• How to complete this task:
Only one span of the listing below is wanted: the lines from the one with "447. iPolitics (May" through the one with "Questions are randomly", reproduced exactly, both ends kept.

• The data:
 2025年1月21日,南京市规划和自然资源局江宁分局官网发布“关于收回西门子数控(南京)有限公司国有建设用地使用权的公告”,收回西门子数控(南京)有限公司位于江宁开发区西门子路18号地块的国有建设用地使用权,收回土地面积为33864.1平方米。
---
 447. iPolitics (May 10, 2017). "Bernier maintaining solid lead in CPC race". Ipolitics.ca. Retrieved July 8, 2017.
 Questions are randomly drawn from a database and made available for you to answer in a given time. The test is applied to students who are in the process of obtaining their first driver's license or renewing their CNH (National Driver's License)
--
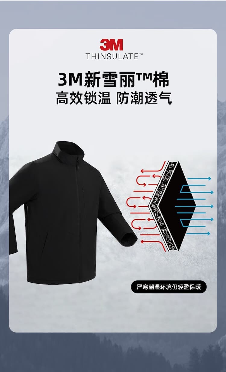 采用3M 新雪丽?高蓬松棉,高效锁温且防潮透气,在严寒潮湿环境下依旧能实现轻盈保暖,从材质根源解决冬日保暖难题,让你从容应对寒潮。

• Written solution:
 447. iPolitics (May 10, 2017). "Bernier maintaining solid lead in CPC race". Ipolitics.ca. Retrieved July 8, 2017.
 Questions are randomly drawn from a database and made available for you to answer in a given time. The test is applied to students who are in the process of obtaining their first driver's license or renewing their CNH (National Driver's License)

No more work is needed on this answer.